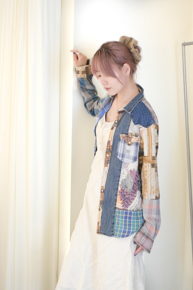70's patch reworked chambray western shirt
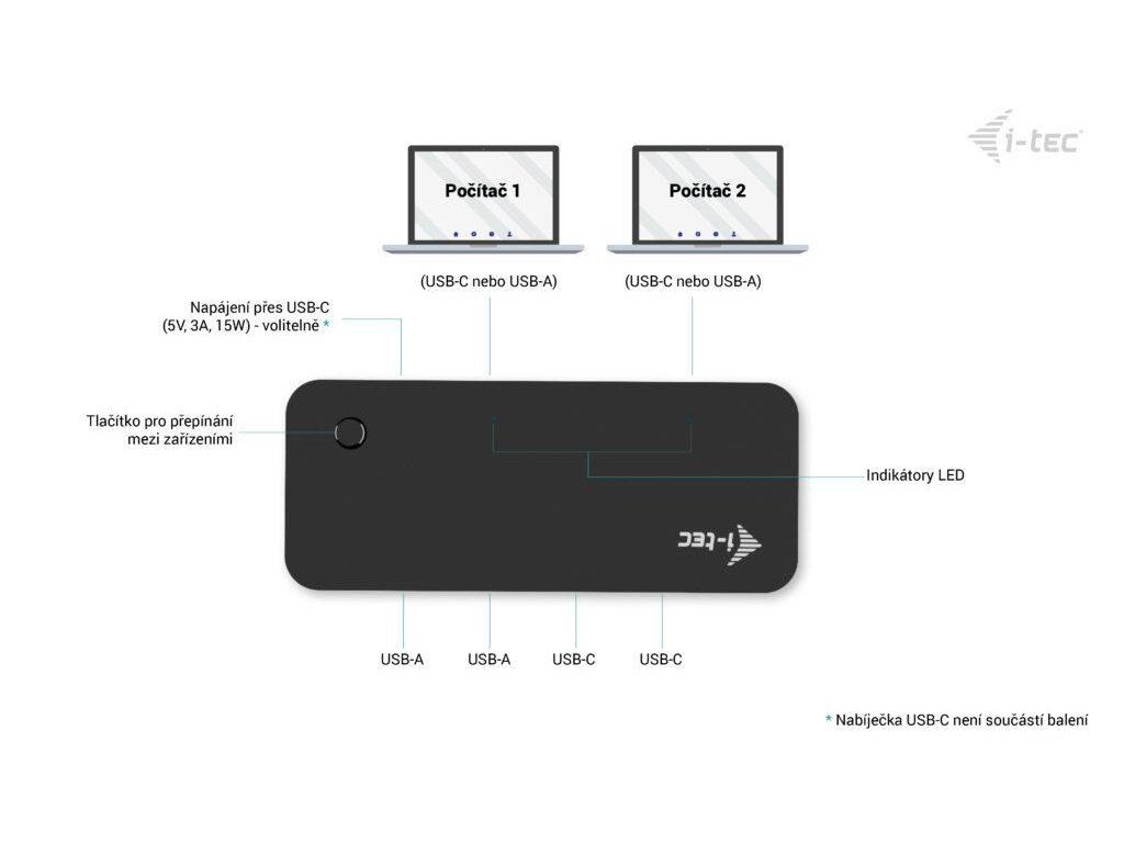 i-tec Universal KVM HUB 2x USB-C + 2x USB-A 3.0 Port CAKVMHUB2A2C I-Tec
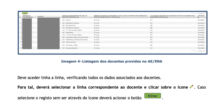 De acordo com o Manual de Instruções para se passar à fase do apuramento de Vagas é necessário concluir o número de alunos por ano de escolaridade e verificar todos os dados associados aos docentes (Imagem 4).
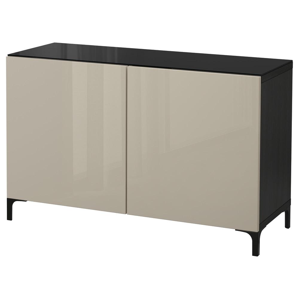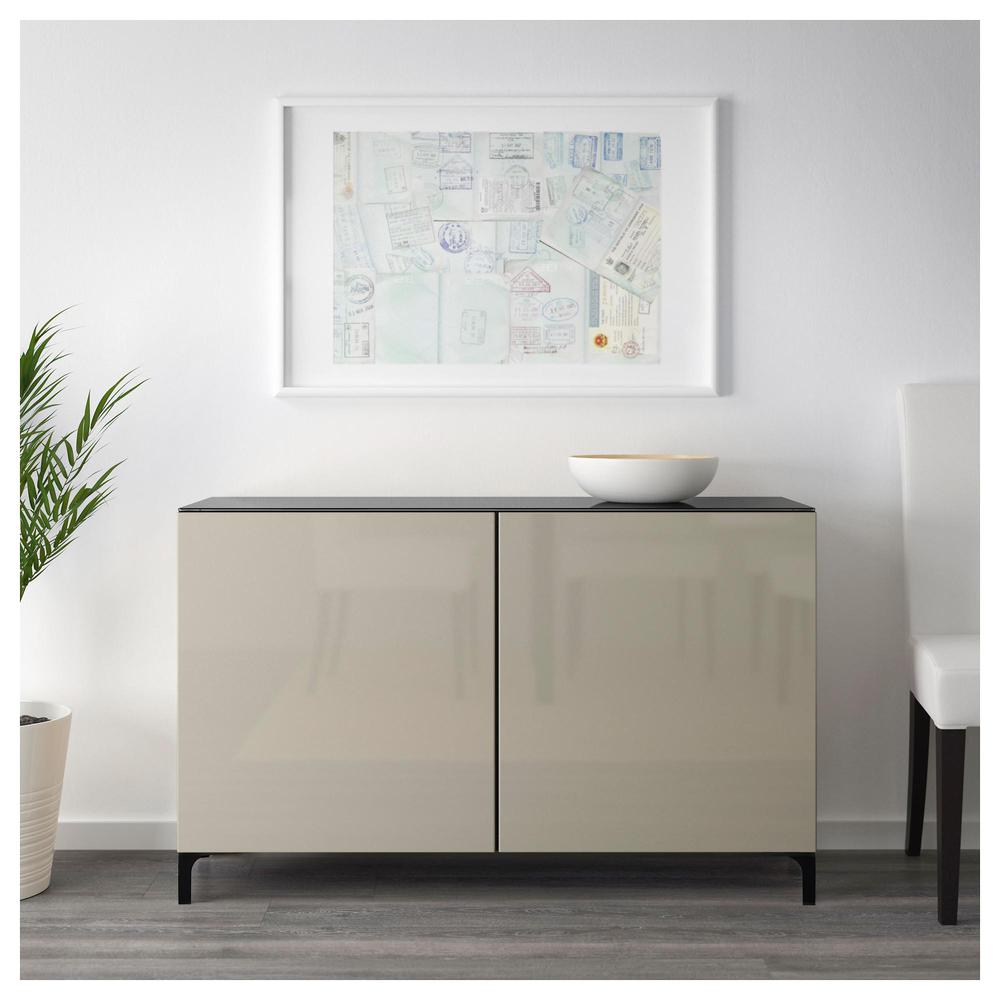 БЕСТО Комбинация для хранения с дверцами - черно-коричневый/Сельсвикен глянцевый/бежевый
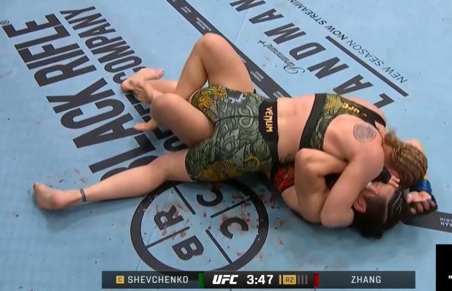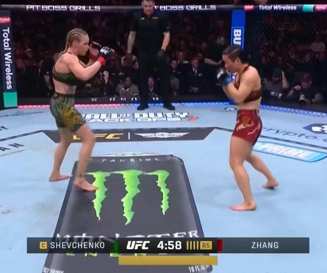 第三回合,张伟丽保持站立控制距离,但回合中段又被放倒。舍甫琴科已有4次摔跤尝试,其中3次成功,将张伟丽控制到回合结束。

- YOUR ASSIGNMENT: Reproduce the data above in full, exactly as it is, with the pictures left out.

- PROBLEM SOLUTION:
70's patch reworked chambray western shirt
 i-tec Universal KVM HUB 2x USB-C + 2x USB-A 3.0 Port CAKVMHUB2A2C I-Tec
 De acordo com o Manual de Instruções para se passar à fase do apuramento de Vagas é necessário concluir o número de alunos por ano de escolaridade e verificar todos os dados associados aos docentes (Imagem 4).
 БЕСТО Комбинация для хранения с дверцами - черно-коричневый/Сельсвикен глянцевый/бежевый
 第三回合,张伟丽保持站立控制距离,但回合中段又被放倒。舍甫琴科已有4次摔跤尝试,其中3次成功,将张伟丽控制到回合结束。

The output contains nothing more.